Медведь раскрыл пальцы и посмотрел на скомканные штаны Кошки. Вид у них был такой, как будто их пожевали, а потом вернули естественным путем - но об этом Медведь Кошке говорить не стал. Слишком был благодушен нынче.
- Значит, уже можно? - спросил он вместо этого и натянул штаны между сжатыми в кулак ладонями.
Кошка посмотрел на него, как на безнадежного идиота.
- Кстати, если ты будешь так много паясничать, твое лицо уже через пару месяцев станет похожим на кроличью попку.
- Много кроличьих попок повидал, умник?! - Кошка выхватил у Медведя свои штаны, скомкал их снова и засунул комок подмышку.
Потом глянул исподлобья и свирепо добавил:
- Вот приду к тебе ночью и отхлестаю этими портками. А ты еще о продолжении умолять станешь...
Медведь только посмеялся.
Да, откровенно говоря, Медведю жарко и неуютно, но он не знает, как облегчить свои страдания, потому что уже голый. И звучит это, может быть, неадекватно, но Медведь на побережье у Океана - а, значит, можно.
Другое дело, что он там не один.
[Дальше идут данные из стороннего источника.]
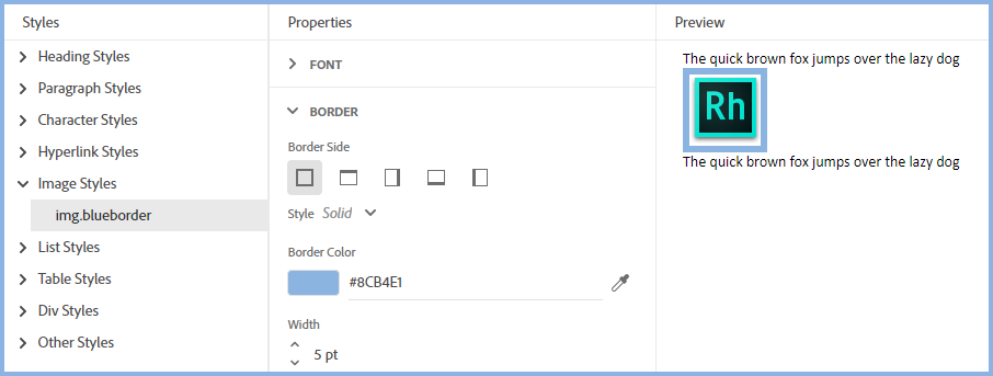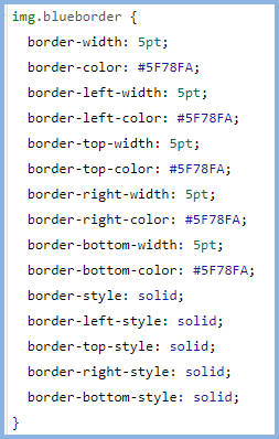 Image borders not showing in thumbnails?Image borders not showing in thumbnails? If an image style is applied to an image to put a border around it, that border will not show in the thumbnails or the expanded image in the output. The easiest solution is to simply apply a border to the image in an image editor such as Snagit. The border will then show in your topic, the thumbnail and the expanded thumbnail. The correct method is more complex but has the advantage that you can easily change the colour later or set different colours for different outputs. This is what you need to do. Create an image style in RoboHelpThis allows you to see the border when creating content. It also lets RoboHelp write the CSS code so that you can paste it into the other definitions you will require. This is a simple blue border created in the CSS editor.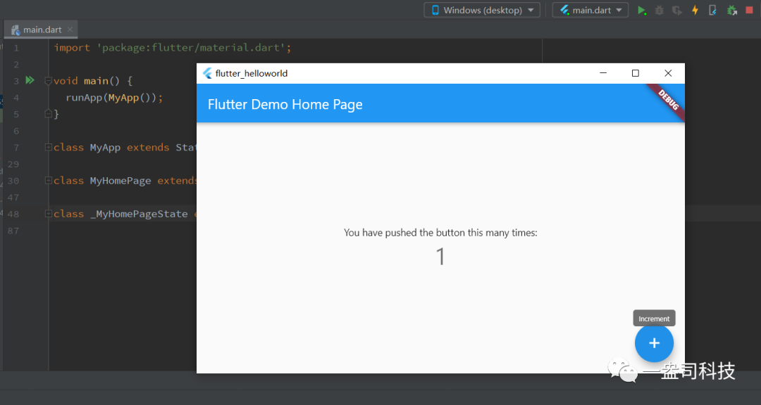 ▶选择运行的设备,可选择Web版、桌面版或者模拟器,还可以真机联调,与Android类似。此处选择桌面版,点击运行:

Припереться на импровизированный пляж им вздумалось всей компанией.
А потому здесь и неприлично одетая Синица, и полубезумный Кошка с собранной в хвост волосней, и Снегирь, белее касаточьего пузика, сидящий в одиночестве под сплетенным из сырого льна и оттого воняющим зонтиком, и Шай, который от греха (от Кошки) подальше не стал перекидываться в человека, а уселся на зонтик сверху.
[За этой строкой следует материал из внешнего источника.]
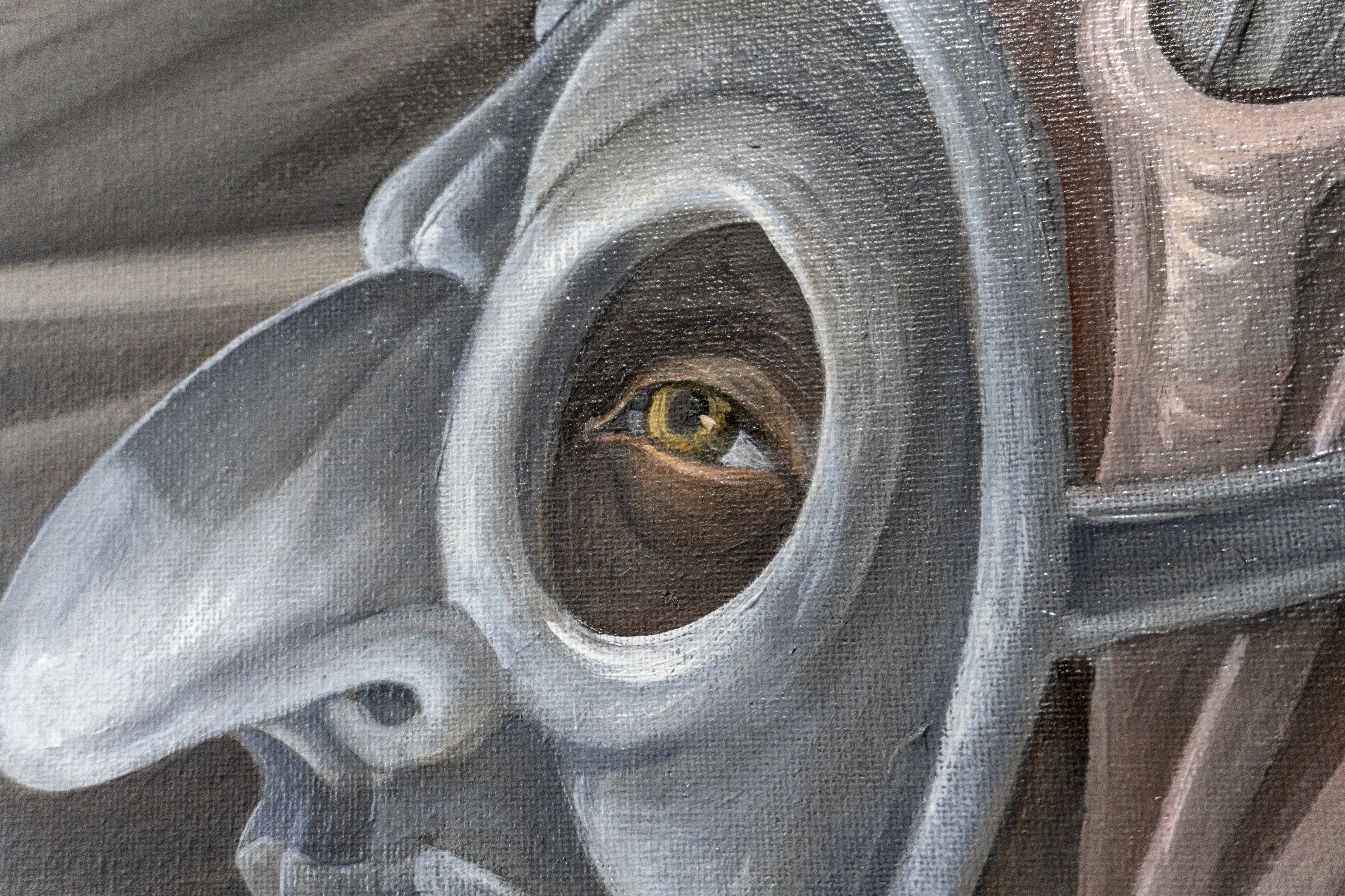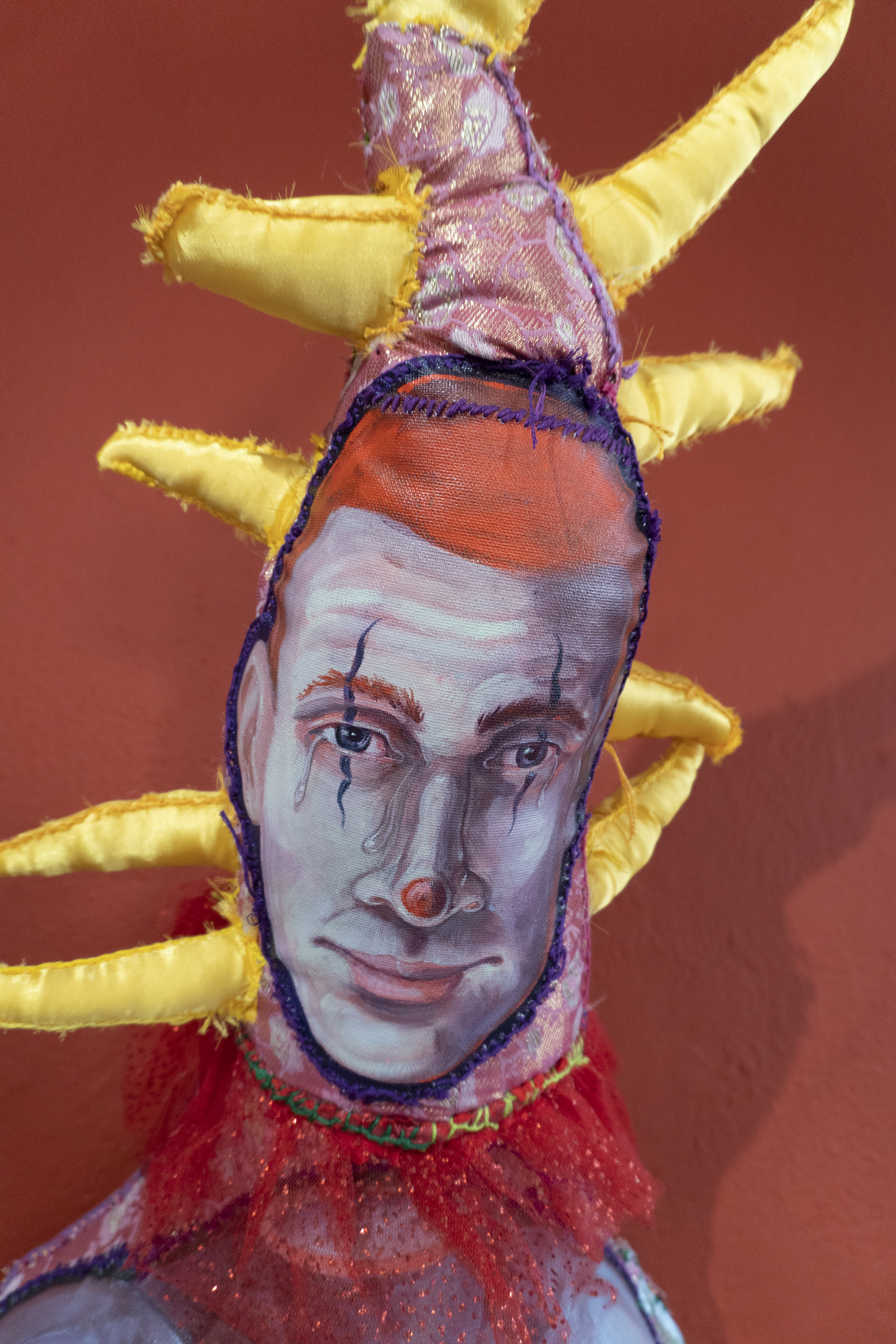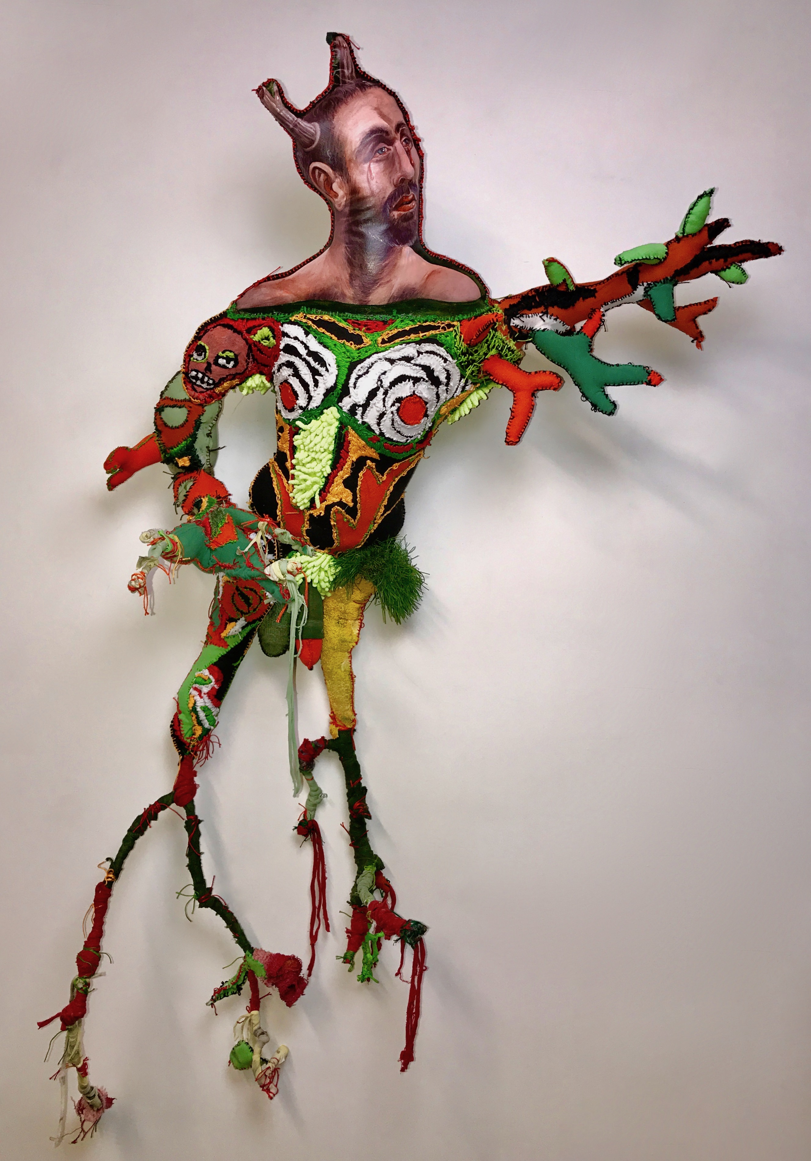 Acrylic painted canvas, recycled fiber, embroidery floss, poly-fil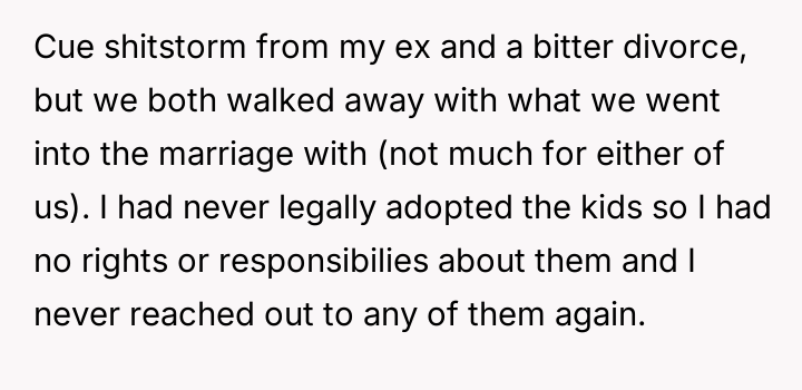 AITA for breaking my promise to my stepkids, and "abandoning and traumatizing" them because I did not want to parent them anymore?

Медведь, разлегшийся на песке в относительном тенечке, флегматично наблюдает, как Кошка с воплями несется в воду и Синицу с собой за руку утягивает. Как он падает в волны пластом, не прекращая орать, а Синица замирает у берега, где холод достает ей до колена, обнимает себя руками и визжит в ужасе, когда ледяные брызги летят на нее из-под кошкиной задницы.
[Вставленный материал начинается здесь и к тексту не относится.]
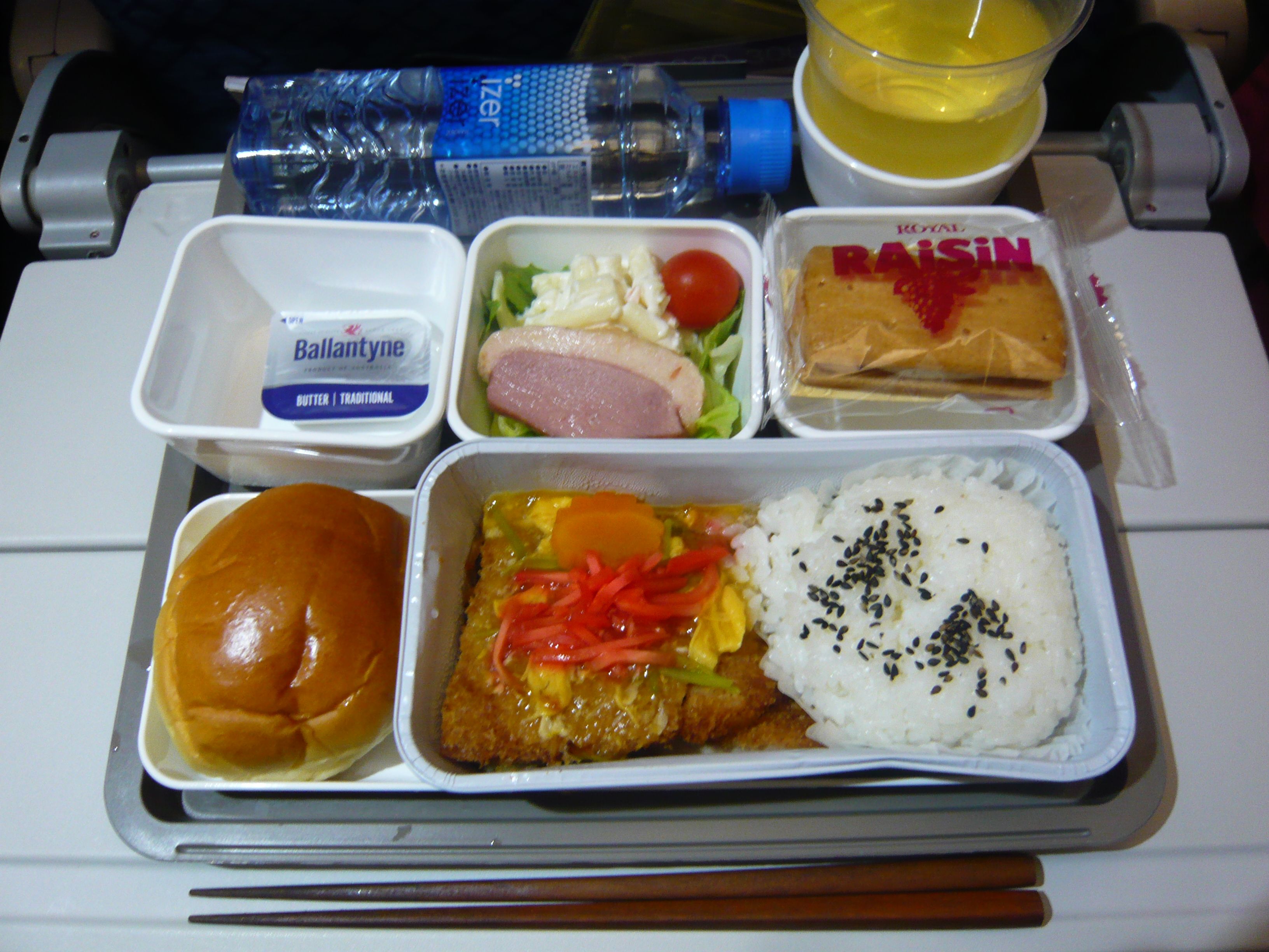 ほろ酔い状態で19:15関空発CX561に乗り込み40G席に着く。アサヒスーパードライの缶ビールとピーナツをいただき、映画『X-MEN: アポカリプス』を観た。ヒュー ジャックマン扮するウルヴァリンも少し出てきて嬉しかった。機内食の夕食カツ丼と鴨ハムサラダで白ワインを飲む。美味しい。文句なし。

Медведь закрывает глаза. Думает: "Сумасшедший дом". И проваливается в сладкую дремоту - минут эдак на пятнадцать.
Когда он приходит в себя, под глазами чернит от яркого солнечного света. Синица, с глянцевой от воды кожей, садится в песок рядом с братом. Кошка срывает резинку и трясет своими лохмами, разбрызгивая воду и... и еще что-то... Медведь никак не может разглядеть...
Взбрызгивают до неба, глухо звякают и падают на песок мятные конфетки. Бело-зеленые, с крученым узором. И падают, падают, падают. А Кошка треплет волосы ладонями, распевая свою пиратскую похабщину в полный голос, и все сыплются оттудя полосатые леденцы...
"Бля, - думает Медведь, поднимаясь на ноги, - пойду просплюсь..."
Синица месит тесто. Туда-сюда, туда-сюда.
С запахом теплого молока и ванильной пудры, сахара и талой муки. Ее пальцы исчезают в гладком, масленом шаре и появляются снова. Пальцы сминают толстые бока шара, проминают внутрь и растягивают снова.
По правую руку от Синицы сидит Медведь. Иногда косится мрачно в плошку, в которой происходит кровавая расправа, но вообще-то он занят чтением. Читает рукопись из обыкновенного бумажного блокнота - купил за сорок серебряных с рук у какого-то голубого эльфа, поддавшись его обещаниям сногсшибательного сюжета.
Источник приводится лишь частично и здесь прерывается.